Wanna have fun and feel like you’re actually you know, like, doing something with your day? Go agency.
I’ve done both.
I’d rather eat an entire wine glass and pass the undigested shards than go client side ever again. What a dreary dull existence.
I thought we chose this job to AVOID real jobs?
Depends on the shop you are in.
There are numerous threads on here which discuss your question. Search in the search field (magnifying glass icon top right on main page)
Savage.
Client side is looks at lot better these days. No RFPs, no bullshit client request at 5 pm on a Friday, better work-life balance, gross incompetence may still be still be rewarded but your shield from it better, etc.
Depending on company culture.
Agencies have culture. Clients have cults.
Agency til I’m ~32/33 to pick up a bunch of skills, learn the most from some of the most talented people. This is based on wanting a min of 3 years as a CD on the agency side.
Then client side til I die/retire.
THATS true
It just sounded like you said you plan was to burn fast and fade away slowly
My bad for misreading it
This is my experience:
It truly depends on the company culture and mission. I’ve worked both sides and can attest that client-side is limited—creatively. You may work on a brand that never even thinks about touching any medium other than print: 🔳. Or you might work on a brand that does cool 💩 but only trusts an agency to do it. If you’re talented (I assume you are), that’s gonna piss you off to no end. However, if you rise up the ranks, you may get an opportunity to leave your creative thumbprint on an agency’s work. And I suppose there’s some pride in that.
But the job security and pay is five stars 🤷🏾♂️.
If you want to find out what kind of creative you can become, if you want the constant opportunity to work on cool and innovative projects across cool and innovative media, and if you want to be proud because you were challenged and successful, go to an agency.
But the job security is shakier and the pay is a hassle.
On the other hand, if you work at an in-house the likes of Coca-Cola, where they make cool 💩 without an agency—because they behave and perform like one—you get the best of all worlds. I guess the moral of the story is: Work for Coca-Cola. 🥤
Will always be agency side for me. Mostly bc of our ability to work on multiple brands, being on the front line of innovation, and working with really smart/talented folks. And also good salaries once you after a certain threshold of seniority.

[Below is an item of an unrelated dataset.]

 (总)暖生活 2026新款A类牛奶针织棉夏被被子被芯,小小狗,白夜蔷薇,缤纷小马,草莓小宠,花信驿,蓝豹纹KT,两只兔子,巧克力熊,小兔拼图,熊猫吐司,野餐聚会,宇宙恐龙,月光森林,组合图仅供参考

I was agency side until 2020. At my second in house gig. As long as the in-house place maintains some sort of agency vibe, I prefer in-house. This is easy if it’s got a bunch of agency peeps there.
I want to try client side at some point. Been in an agency for all of my career, BUT I worry about losing my “sharpness” and turning into the idiotic clients I talk about.

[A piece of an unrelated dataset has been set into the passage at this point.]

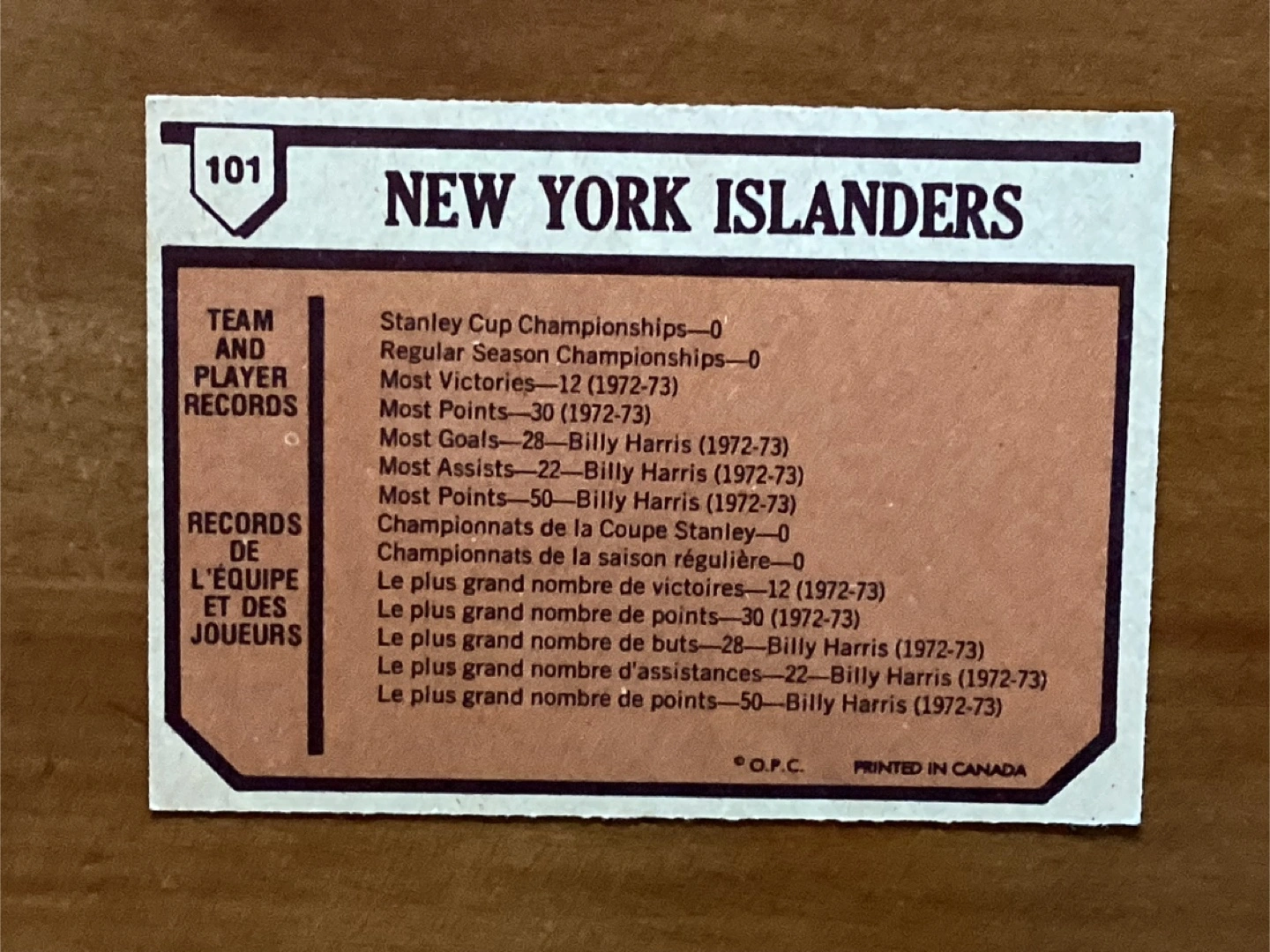1973-74 OPC NEW YORK ISLANDERS RECORDS Card #101

Do you work to live or live to work? It all depends what you prioritize in life. People keep mentioning work-life balance but different people at different life stages will feel differently on what that balance is.
Someone spending 60 hours a week agency side may re-evaluate this balance when other life stuff (family time, health, long term job security, stress etc) come into play.
Client side for sure. I find my agency in particular not innovative and KPI driven enough for me.